- _Work task_:
Everything in the listing below must be reproduced exactly, apart from its images.

- _Dataset records_:
####
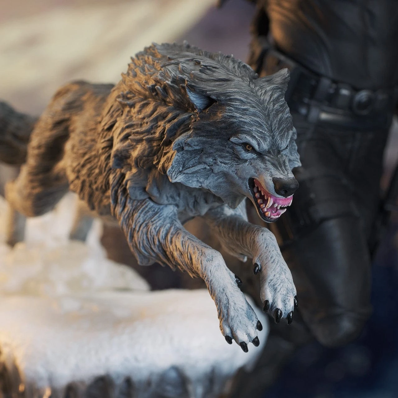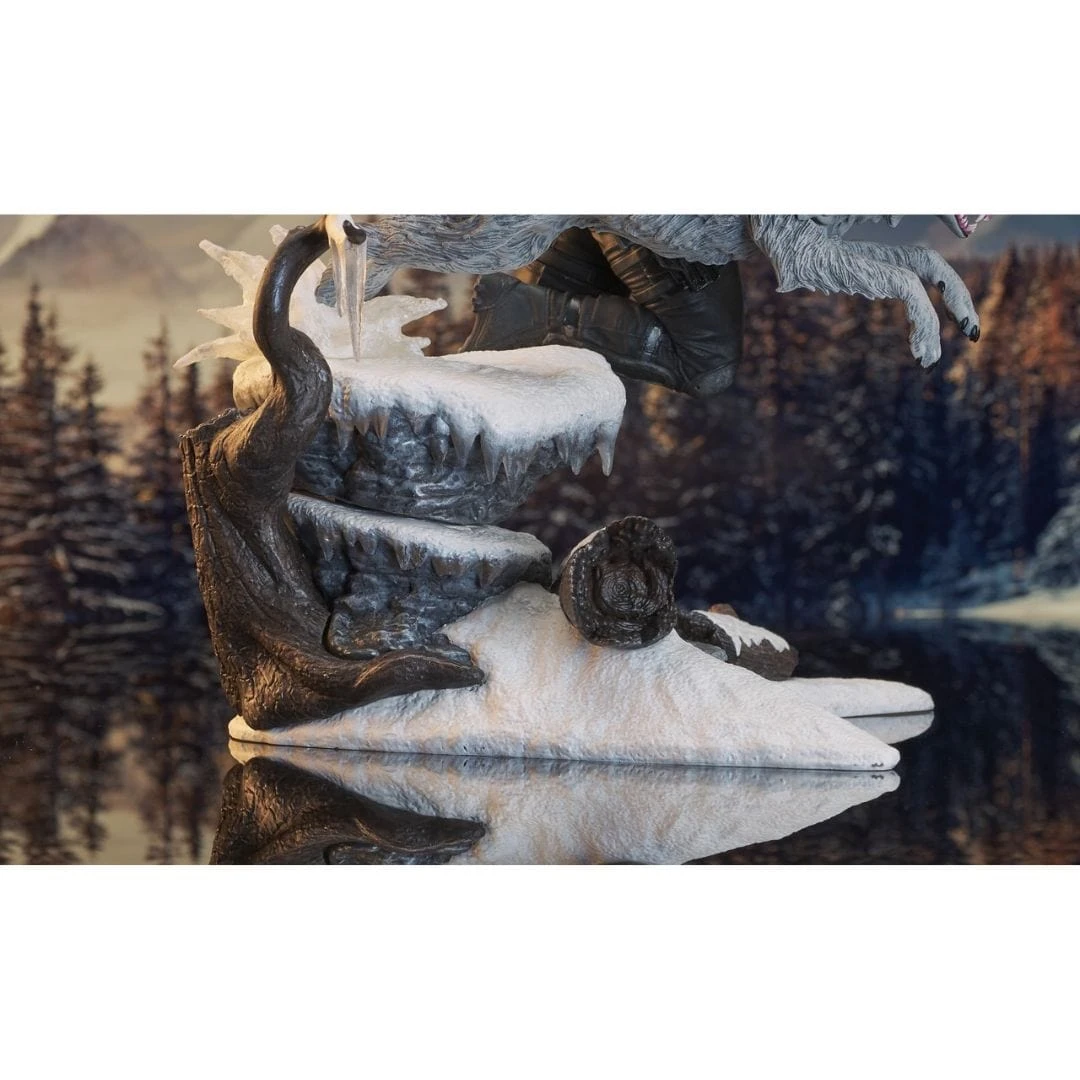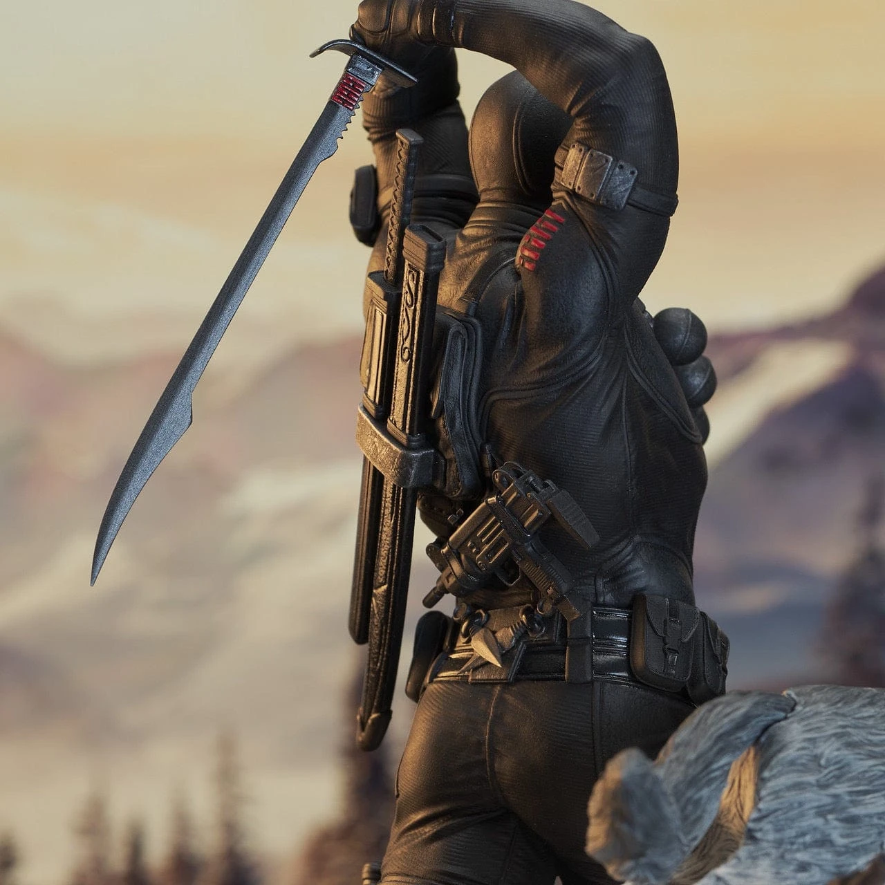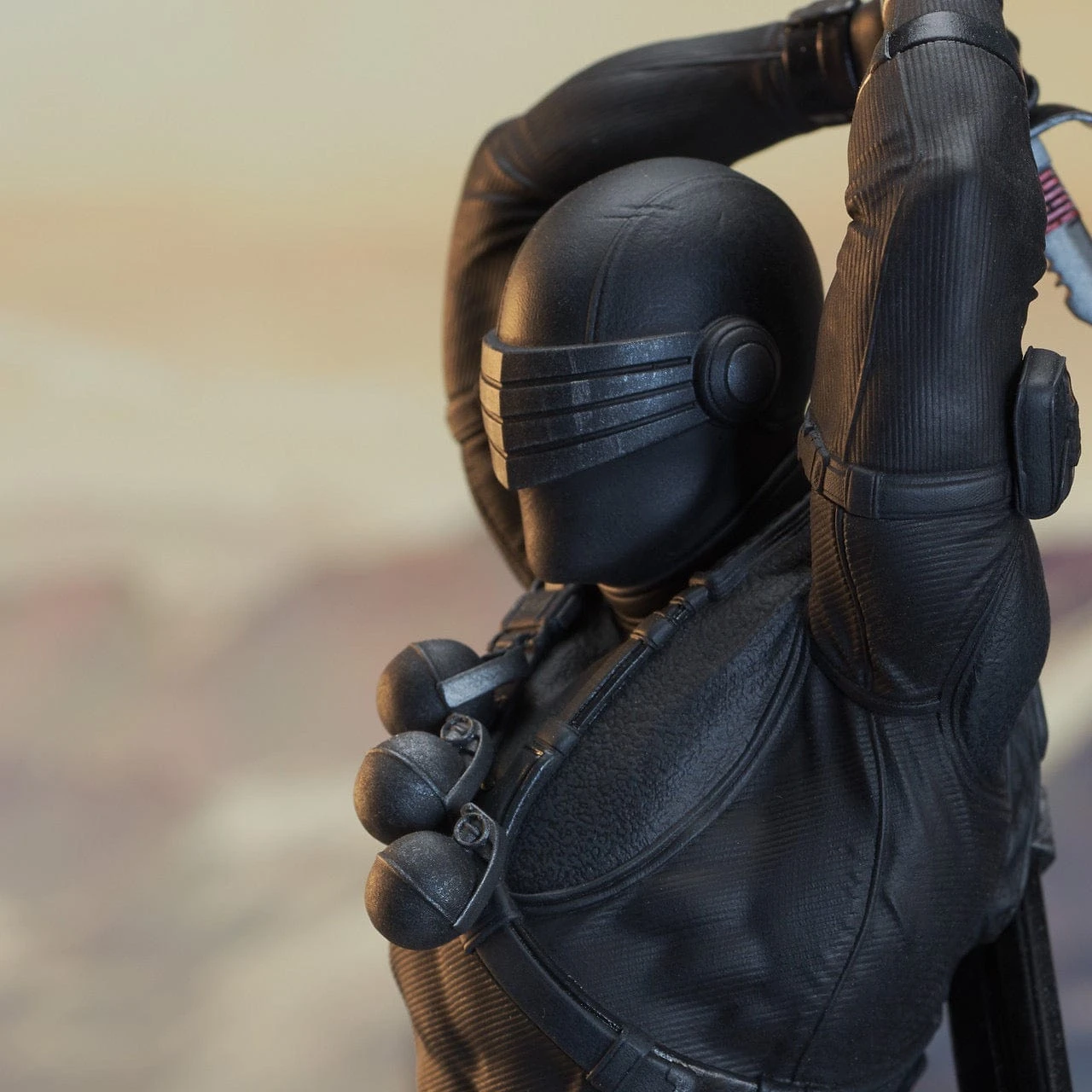 G.I. Joe’s silent ninja, Snake Eyes, leaps from a snowy ledge in this all-new PVC diorama from Diamond Select Toys! Flanked by his wolf companion Timber, Snake Eyes wields his trademark sword as he launches his sneak attack. Measuring approximately 11″ tall, this diorama features detailed sculpting and paint applications, and comes packaged in a full-color window box.
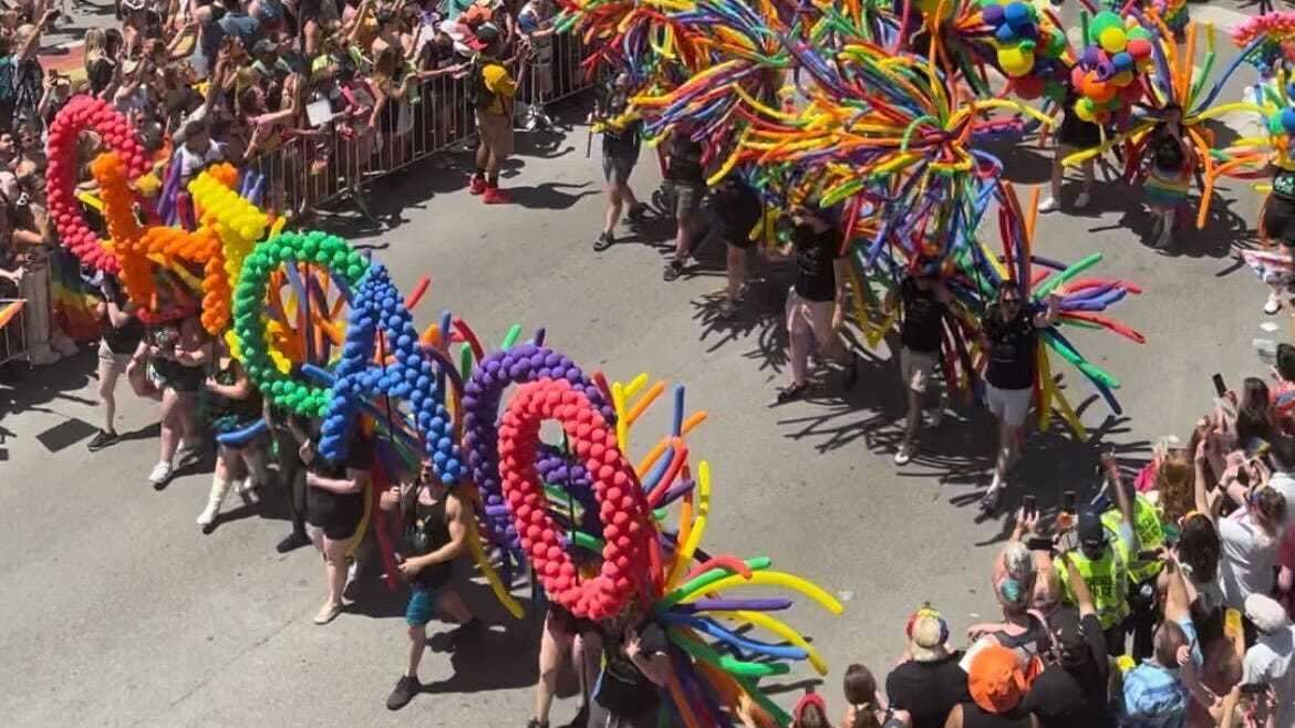 At the parade's launch point, thousands upon thousands were lining the streets, above which rainbow flags and American flags were flying while vendors sold T-shirts, hats, balloons and more to parade attendees.
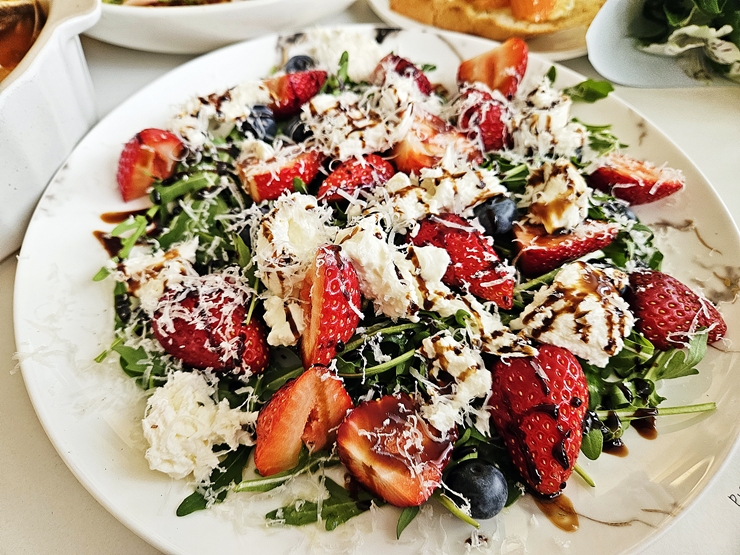 서비스로 나온 샐러드. 블루베리, 딸기와 치즈가 듬뿍 들어간 샐러드다. 내가 싫어하는 발사믹 드레싱을 기반으로 해서 만들었다. 지인들에게 양해를 구한 후 최대한 발사믹 소스가 없는 부분만 골라 먹었다. 제철 채소와 과일을 듬뿍 사용해서 만든 샐러드가 맛이 없을 수 없지. 채소보다 고기를 좋아하는 나이지만 열심히 잘 먹었다.
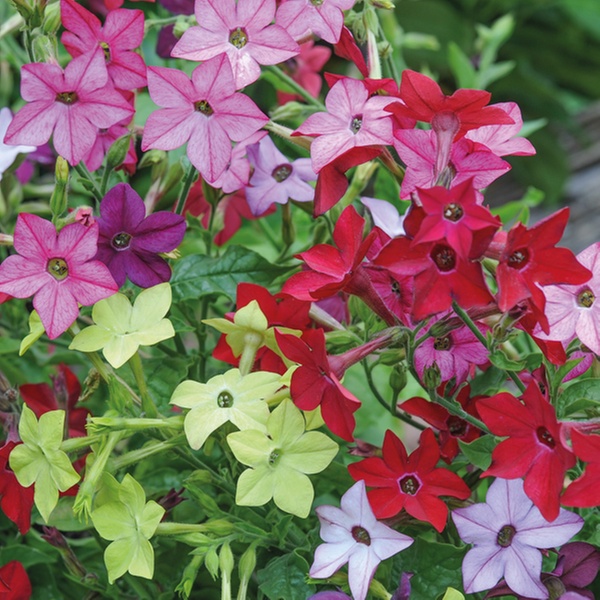 - Nicotiana 'Eau de Cologne Mixed': uniform, mid-height plants with upward-facing flowers, in a tapestry of glowing colours
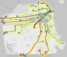 A 2019 map showing all Muni routes than run on Market Street
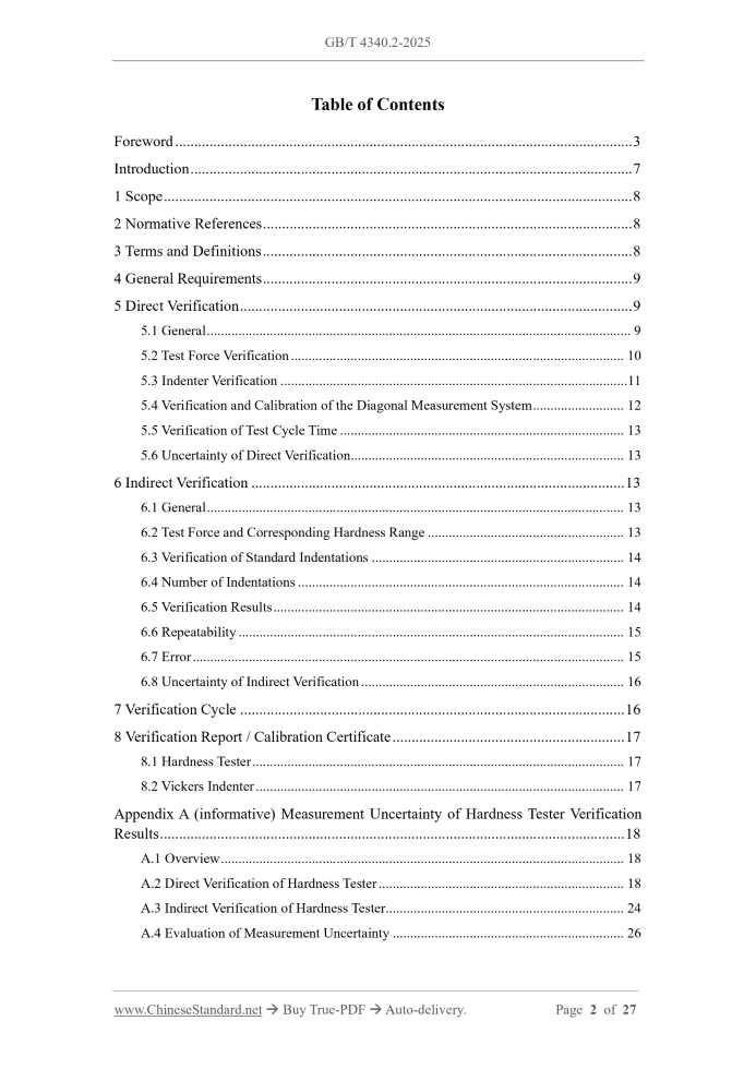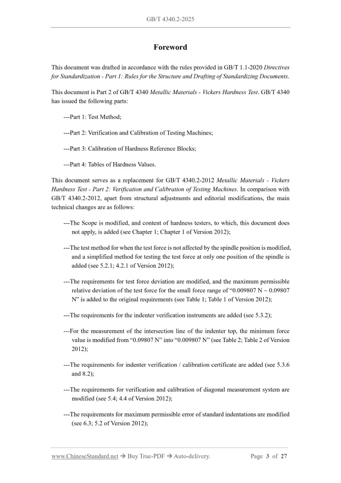 Similar standardsGB/T 4340.2-2025: Metallic materials - Vickers hardness test - Part 2: Verification and calibration of testing machines---This is an excerpt. Full copy of true-PDF in English version (including equations, symbols, images, flow-chart, tables, and figures etc.), auto-downloaded/delivered in 9 seconds, can be purchased online: https://www.ChineseStandard.net/PDF.aspx/GBT4340.2-2025 GB NATIONAL STANDARD OF THE PEOPLE’S REPUBLIC OF CHINA ICS 19.060; 77.040.10 CCS N 71 Replacing GB/T 4340.2-2012 Metallic Materials - Vickers Hardness Test - Part 2. Verification and Calibration of Testing Machines (ISO 6507-2.2018, MOD) Issued on: MARCH 28, 2025 Implemented on: OCTOBER 1, 2025 Issued by. State Administration for Market Regulation; Standardization Administration of the People’s Republic of China. Table of ContentsForeword... 3 Introduction... 7 1 Scope... 8 2 Normative References... 8 3 Terms and Definitions... 8 4 General Requirements... 9 5 Direct Verification... 9 5.1 General... 9 5.2 Test Force Verification... 10 5.3 Indenter Verification... 11 5.4 Verification and Calibration of the Diagonal Measurement System... 12 5.5 Verification of Test Cycle Time... 13 5.6 Uncertainty of Direct Verification... 13 6 Indirect Verification... 13 6.1 General... 13 6.2 Test Force and Corresponding Hardness Range... 13 6.3 Verification of Standard Indentations... 14 6.4 Number of Indentations... 14 6.5 Verification Results... 14 6.6 Repeatability... 15 6.7 Error... 15 6.8 Uncertainty of Indirect Verification... 16 7 Verification Cycle... 16 8 Verification Report / Calibration Certificate... 17 8.1 Hardness Tester... 17 8.2 Vickers Indenter... 17 Appendix A (informative) Measurement Uncertainty of Hardness Tester Verification Results... 18 A.1 Overview... 18 A.2 Direct Verification of Hardness Tester... 18 A.3 Indirect Verification of Hardness Tester... 24 A.4 Evaluation of Measurement Uncertainty... 26ForewordThis document was drafted in accordance with the rules provided in GB/T 1.1-2020 Directives for Standardization - Part 1.Rules for the Structure and Drafting of Standardizing Documents. This document is Part 2 of GB/T 4340 Metallic Materials - Vickers Hardness Test. GB/T 4340 has issued the following parts. ---Part 1.Test Method; ---Part 2.Verification and Calibration of Testing Machines; ---Part 3.Calibration of Hardness Reference Blocks; ---Part 4.Tables of Hardness Values. This document serves as a replacement for GB/T 4340.2-2012 Metallic Materials - Vickers Hardness Test - Part 2.Verification and Calibration of Testing Machines. In comparison with GB/T 4340.2-2012, apart from structural adjustments and editorial modifications, the main technical changes are as follows. ---The Scope is modified, and content of hardness testers, to which, this document does not apply, is added (see Chapter 1; Chapter 1 of Version 2012); ---The test method for when the test force is not affected by the spindle position is modified, and a simplified method for testing the test force at only one position of the spindle is added (see 5.2.1; 4.2.1 of Version 2012); ---The requirements for test force deviation are modified, and the maximum permissible relative deviation of the test force for the small force range of “0.009807 N ~ 0.09807 N” is added to the original requirements (see Table 1; Table 1 of Version 2012); ---The requirements for the indenter verification instruments are added (see 5.3.2); ---For the measurement of the intersection line of the indenter top, the minimum force value is modified from “0.09807 N” into “0.009807 N” (see Table 2; Table 2 of Version 2012); ---The requirements for indenter verification / calibration certificate are added (see 5.3.6 and 8.2); ---The requirements for verification and calibration of diagonal measurement system are modified (see 5.4; 4.4 of Version 2012); ---The requirements for maximum permissible error of standard indentations are modified (see 6.3; 5.2 of Version 2012); Metallic Materials - Vickers Hardness Test - Part 2. Verification and Calibration of Testing Machines1 ScopeThis document specifies the verification and calibration methods for Vickers hardness tester and diagonal measurement system used to determine Vickers hardness in accordance with GB/T 4340.1. The direct verification method specified in this document applies to the verification and calibration of the hardness tester, indenter and diagonal measurement system. The indirect verification method applies to the verification of the entire Vickers hardness tester using a standard block. If the Vickers hardness tester is also used for hardness testing by other methods, then, the Vickers hardness tester shall be respectively verified in accordance with the corresponding methods. This document also applies to the verification and calibration of portable Vickers hardness testers. This document does not apply to hardness testers that measure hardness using other different principles (for example, ultrasonic impedance method).2 Normative ReferencesThe contents of the following documents constitute indispensable clauses of this document through the normative references in the text. In terms of references with a specified date, only versions with a specified date are applicable to this document. In terms of references without a specified date, the latest version (including all the modifications) is applicable to this document. GB/T 4340.1 Metallic Materials - Vickers Hardness Test - Part 1.Test Method (GB/T 4340.1- 2024, ISO 6507-1.2023, MOD) GB/T 4340.3 Metallic Materials - Vickers Hardness Test - Part 3.Calibration of Reference Blocks (GB/T 4340.3-2025, ISO 6507-3.2018, MOD) GB/T 13634 Metallic Materials - Calibration of Force-proving Instruments Used for the Verification of Uniaxial Testing Machines (GB/T 13634-2019, ISO 376.2011, IDT)3 Terms and DefinitionsThis document does not have terms or definitions that need to be defined.4 General RequirementsBefore verification, the Vicker
####
- _Solved problem_:
 G.I. Joe’s silent ninja, Snake Eyes, leaps from a snowy ledge in this all-new PVC diorama from Diamond Select Toys! Flanked by his wolf companion Timber, Snake Eyes wields his trademark sword as he launches his sneak attack. Measuring approximately 11″ tall, this diorama features detailed sculpting and paint applications, and comes packaged in a full-color window box.
 At the parade's launch point, thousands upon thousands were lining the streets, above which rainbow flags and American flags were flying while vendors sold T-shirts, hats, balloons and more to parade attendees.
 서비스로 나온 샐러드. 블루베리, 딸기와 치즈가 듬뿍 들어간 샐러드다. 내가 싫어하는 발사믹 드레싱을 기반으로 해서 만들었다. 지인들에게 양해를 구한 후 최대한 발사믹 소스가 없는 부분만 골라 먹었다. 제철 채소와 과일을 듬뿍 사용해서 만든 샐러드가 맛이 없을 수 없지. 채소보다 고기를 좋아하는 나이지만 열심히 잘 먹었다.
 - Nicotiana 'Eau de Cologne Mixed': uniform, mid-height plants with upward-facing flowers, in a tapestry of glowing colours
 A 2019 map showing all Muni routes than run on Market Street
 Similar standardsGB/T 4340.2-2025: Metallic materials - Vickers hardness test - Part 2: Verification and calibration of testing machines---This is an excerpt. Full copy of true-PDF in English version (including equations, symbols, images, flow-chart, tables, and figures etc.), auto-downloaded/delivered in 9 seconds, can be purchased online: https://www.ChineseStandard.net/PDF.aspx/GBT4340.2-2025 GB NATIONAL STANDARD OF THE PEOPLE’S REPUBLIC OF CHINA ICS 19.060; 77.040.10 CCS N 71 Replacing GB/T 4340.2-2012 Metallic Materials - Vickers Hardness Test - Part 2. Verification and Calibration of Testing Machines (ISO 6507-2.2018, MOD) Issued on: MARCH 28, 2025 Implemented on: OCTOBER 1, 2025 Issued by. State Administration for Market Regulation; Standardization Administration of the People’s Republic of China. Table of ContentsForeword... 3 Introduction... 7 1 Scope... 8 2 Normative References... 8 3 Terms and Definitions... 8 4 General Requirements... 9 5 Direct Verification... 9 5.1 General... 9 5.2 Test Force Verification... 10 5.3 Indenter Verification... 11 5.4 Verification and Calibration of the Diagonal Measurement System... 12 5.5 Verification of Test Cycle Time... 13 5.6 Uncertainty of Direct Verification... 13 6 Indirect Verification... 13 6.1 General... 13 6.2 Test Force and Corresponding Hardness Range... 13 6.3 Verification of Standard Indentations... 14 6.4 Number of Indentations... 14 6.5 Verification Results... 14 6.6 Repeatability... 15 6.7 Error... 15 6.8 Uncertainty of Indirect Verification... 16 7 Verification Cycle... 16 8 Verification Report / Calibration Certificate... 17 8.1 Hardness Tester... 17 8.2 Vickers Indenter... 17 Appendix A (informative) Measurement Uncertainty of Hardness Tester Verification Results... 18 A.1 Overview... 18 A.2 Direct Verification of Hardness Tester... 18 A.3 Indirect Verification of Hardness Tester... 24 A.4 Evaluation of Measurement Uncertainty... 26ForewordThis document was drafted in accordance with the rules provided in GB/T 1.1-2020 Directives for Standardization - Part 1.Rules for the Structure and Drafting of Standardizing Documents. This document is Part 2 of GB/T 4340 Metallic Materials - Vickers Hardness Test. GB/T 4340 has issued the following parts. ---Part 1.Test Method; ---Part 2.Verification and Calibration of Testing Machines; ---Part 3.Calibration of Hardness Reference Blocks; ---Part 4.Tables of Hardness Values. This document serves as a replacement for GB/T 4340.2-2012 Metallic Materials - Vickers Hardness Test - Part 2.Verification and Calibration of Testing Machines. In comparison with GB/T 4340.2-2012, apart from structural adjustments and editorial modifications, the main technical changes are as follows. ---The Scope is modified, and content of hardness testers, to which, this document does not apply, is added (see Chapter 1; Chapter 1 of Version 2012); ---The test method for when the test force is not affected by the spindle position is modified, and a simplified method for testing the test force at only one position of the spindle is added (see 5.2.1; 4.2.1 of Version 2012); ---The requirements for test force deviation are modified, and the maximum permissible relative deviation of the test force for the small force range of “0.009807 N ~ 0.09807 N” is added to the original requirements (see Table 1; Table 1 of Version 2012); ---The requirements for the indenter verification instruments are added (see 5.3.2); ---For the measurement of the intersection line of the indenter top, the minimum force value is modified from “0.09807 N” into “0.009807 N” (see Table 2; Table 2 of Version 2012); ---The requirements for indenter verification / calibration certificate are added (see 5.3.6 and 8.2); ---The requirements for verification and calibration of diagonal measurement system are modified (see 5.4; 4.4 of Version 2012); ---The requirements for maximum permissible error of standard indentations are modified (see 6.3; 5.2 of Version 2012); Metallic Materials - Vickers Hardness Test - Part 2. Verification and Calibration of Testing Machines1 ScopeThis document specifies the verification and calibration methods for Vickers hardness tester and diagonal measurement system used to determine Vickers hardness in accordance with GB/T 4340.1. The direct verification method specified in this document applies to the verification and calibration of the hardness tester, indenter and diagonal measurement system. The indirect verification method applies to the verification of the entire Vickers hardness tester using a standard block. If the Vickers hardness tester is also used for hardness testing by other methods, then, the Vickers hardness tester shall be respectively verified in accordance with the corresponding methods. This document also applies to the verification and calibration of portable Vickers hardness testers. This document does not apply to hardness testers that measure hardness using other different principles (for example, ultrasonic impedance method).2 Normative ReferencesThe contents of the following documents constitute indispensable clauses of this document through the normative references in the text. In terms of references with a specified date, only versions with a specified date are applicable to this document. In terms of references without a specified date, the latest version (including all the modifications) is applicable to this document. GB/T 4340.1 Metallic Materials - Vickers Hardness Test - Part 1.Test Method (GB/T 4340.1- 2024, ISO 6507-1.2023, MOD) GB/T 4340.3 Metallic Materials - Vickers Hardness Test - Part 3.Calibration of Reference Blocks (GB/T 4340.3-2025, ISO 6507-3.2018, MOD) GB/T 13634 Metallic Materials - Calibration of Force-proving Instruments Used for the Verification of Uniaxial Testing Machines (GB/T 13634-2019, ISO 376.2011, IDT)3 Terms and DefinitionsThis document does not have terms or definitions that need to be defined.4 General RequirementsBefore verification, the Vicker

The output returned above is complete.